TO DO
For the data that follows, print the line with "The LD Systems", the line with "Sinterklaas in Gerwen: een", and all lines between them, exactly as they stand. Omit pictures and add nothing.
RECORDS SHOWN Start Marker
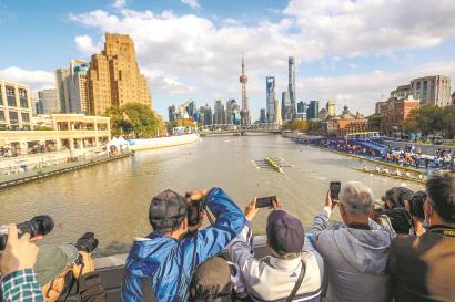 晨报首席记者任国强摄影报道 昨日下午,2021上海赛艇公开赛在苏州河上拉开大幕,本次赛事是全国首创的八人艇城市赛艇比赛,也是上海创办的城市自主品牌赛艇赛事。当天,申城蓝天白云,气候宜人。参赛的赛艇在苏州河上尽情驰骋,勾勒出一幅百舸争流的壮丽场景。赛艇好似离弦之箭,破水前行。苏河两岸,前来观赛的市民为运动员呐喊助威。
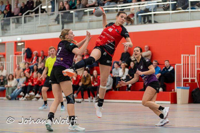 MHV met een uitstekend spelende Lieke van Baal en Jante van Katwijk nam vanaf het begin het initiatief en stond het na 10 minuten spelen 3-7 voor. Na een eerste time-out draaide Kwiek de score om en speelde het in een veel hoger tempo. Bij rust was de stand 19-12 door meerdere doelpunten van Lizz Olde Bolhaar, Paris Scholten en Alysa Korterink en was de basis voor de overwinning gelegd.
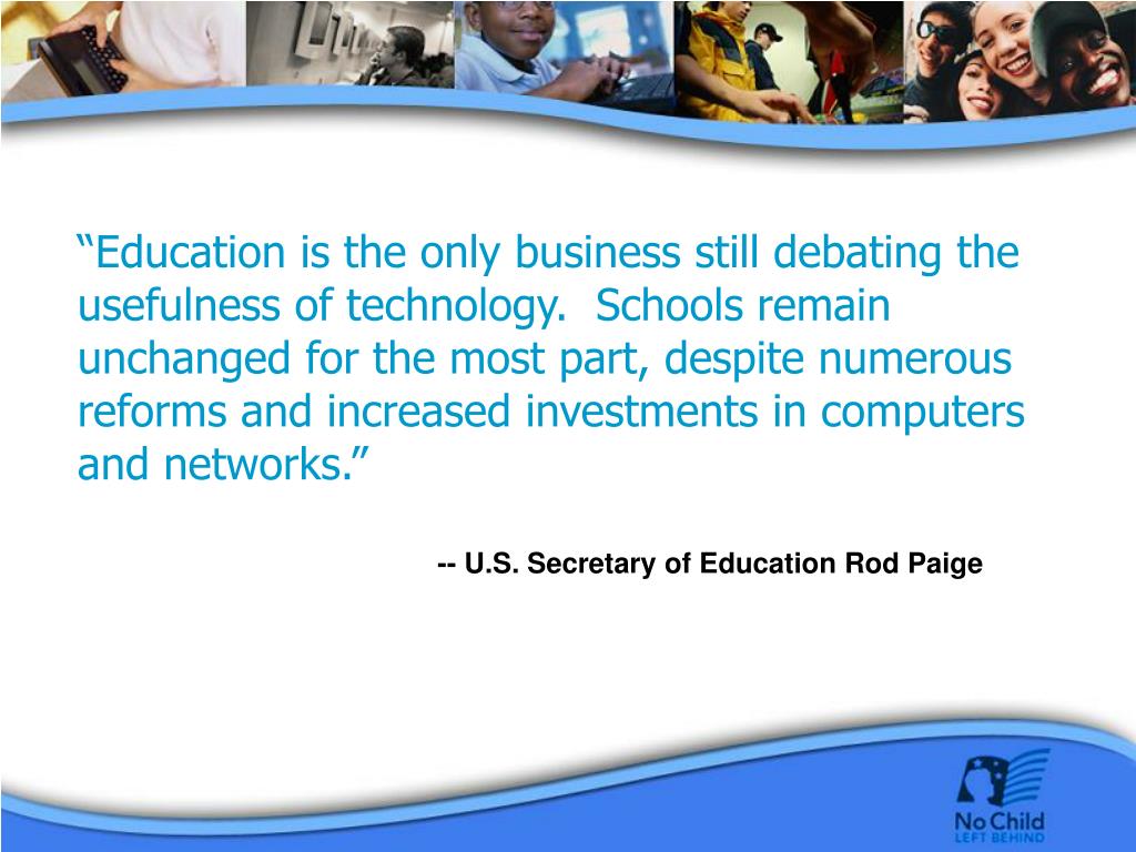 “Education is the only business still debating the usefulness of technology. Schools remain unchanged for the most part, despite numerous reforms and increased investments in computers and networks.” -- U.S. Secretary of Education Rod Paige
RECORDS SHOWN End Marker
RECORDS SHOWN Start Marker
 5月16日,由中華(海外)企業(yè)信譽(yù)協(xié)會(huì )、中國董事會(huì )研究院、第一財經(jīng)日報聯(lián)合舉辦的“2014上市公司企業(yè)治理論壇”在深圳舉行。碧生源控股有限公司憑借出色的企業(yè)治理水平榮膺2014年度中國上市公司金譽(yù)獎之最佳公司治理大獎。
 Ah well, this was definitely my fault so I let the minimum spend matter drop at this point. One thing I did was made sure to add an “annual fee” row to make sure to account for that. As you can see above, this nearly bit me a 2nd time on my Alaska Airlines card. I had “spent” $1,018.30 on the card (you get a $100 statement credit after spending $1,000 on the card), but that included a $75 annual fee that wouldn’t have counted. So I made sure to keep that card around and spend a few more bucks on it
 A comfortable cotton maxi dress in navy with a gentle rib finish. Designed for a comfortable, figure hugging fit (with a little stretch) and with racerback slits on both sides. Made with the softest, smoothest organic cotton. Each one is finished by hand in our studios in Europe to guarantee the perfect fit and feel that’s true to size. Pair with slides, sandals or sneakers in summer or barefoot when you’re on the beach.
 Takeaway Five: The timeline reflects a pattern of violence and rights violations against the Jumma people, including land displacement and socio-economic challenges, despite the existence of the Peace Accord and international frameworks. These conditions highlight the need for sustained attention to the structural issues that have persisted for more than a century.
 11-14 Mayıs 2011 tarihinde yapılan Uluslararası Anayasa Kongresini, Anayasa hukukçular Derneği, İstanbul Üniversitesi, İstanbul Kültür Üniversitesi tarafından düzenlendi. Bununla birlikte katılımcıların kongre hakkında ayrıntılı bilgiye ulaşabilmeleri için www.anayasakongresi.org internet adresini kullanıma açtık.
RECORDS SHOWN End Marker
RECORDS SHOWN Start Marker
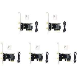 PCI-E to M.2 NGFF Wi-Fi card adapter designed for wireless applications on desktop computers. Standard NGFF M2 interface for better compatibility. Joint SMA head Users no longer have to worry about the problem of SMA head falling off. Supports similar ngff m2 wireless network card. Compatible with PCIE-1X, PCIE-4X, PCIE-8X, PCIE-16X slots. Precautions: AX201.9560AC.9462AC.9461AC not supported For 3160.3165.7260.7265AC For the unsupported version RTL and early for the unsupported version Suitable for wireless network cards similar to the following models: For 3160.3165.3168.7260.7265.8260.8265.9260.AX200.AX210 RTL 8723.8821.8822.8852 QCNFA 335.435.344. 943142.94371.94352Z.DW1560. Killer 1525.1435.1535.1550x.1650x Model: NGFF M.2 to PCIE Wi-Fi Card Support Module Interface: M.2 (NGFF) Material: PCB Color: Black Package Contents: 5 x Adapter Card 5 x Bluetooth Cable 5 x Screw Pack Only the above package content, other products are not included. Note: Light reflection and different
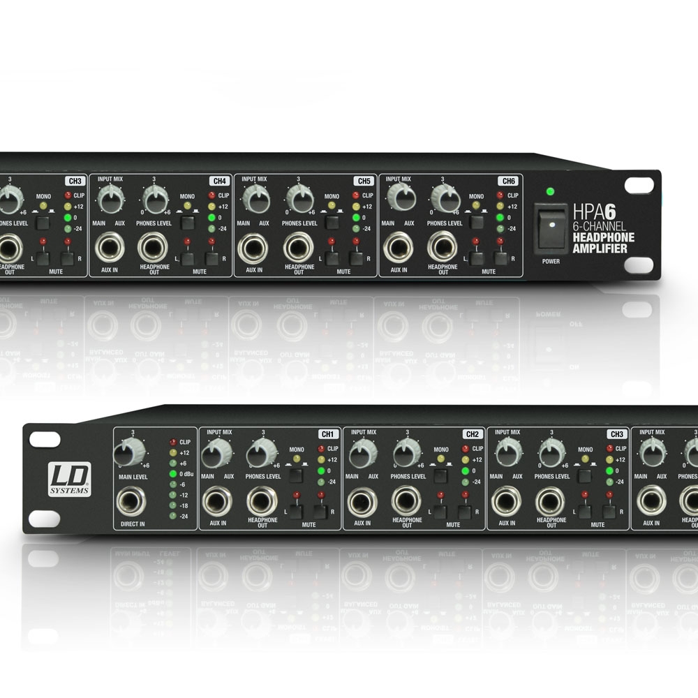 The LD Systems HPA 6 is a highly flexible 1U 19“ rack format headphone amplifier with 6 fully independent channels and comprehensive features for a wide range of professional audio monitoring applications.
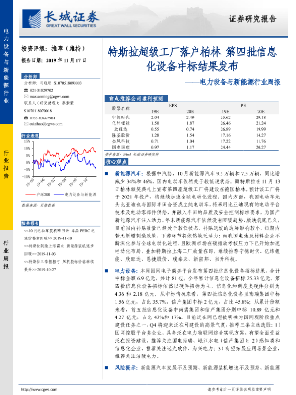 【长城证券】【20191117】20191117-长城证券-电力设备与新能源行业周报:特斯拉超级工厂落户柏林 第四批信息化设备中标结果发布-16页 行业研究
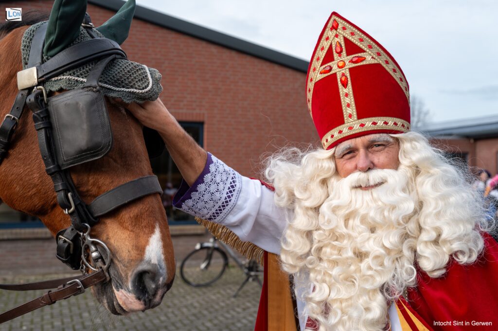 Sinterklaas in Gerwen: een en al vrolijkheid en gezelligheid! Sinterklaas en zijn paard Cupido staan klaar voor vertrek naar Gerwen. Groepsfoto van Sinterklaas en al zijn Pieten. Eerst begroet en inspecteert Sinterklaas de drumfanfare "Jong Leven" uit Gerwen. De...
RECORDS SHOWN End Marker
TASK OUTPUT
 The LD Systems HPA 6 is a highly flexible 1U 19“ rack format headphone amplifier with 6 fully independent channels and comprehensive features for a wide range of professional audio monitoring applications.
 【长城证券】【20191117】20191117-长城证券-电力设备与新能源行业周报:特斯拉超级工厂落户柏林 第四批信息化设备中标结果发布-16页 行业研究
 Sinterklaas in Gerwen: een en al vrolijkheid en gezelligheid! Sinterklaas en zijn paard Cupido staan klaar voor vertrek naar Gerwen. Groepsfoto van Sinterklaas en al zijn Pieten. Eerst begroet en inspecteert Sinterklaas de drumfanfare "Jong Leven" uit Gerwen. De...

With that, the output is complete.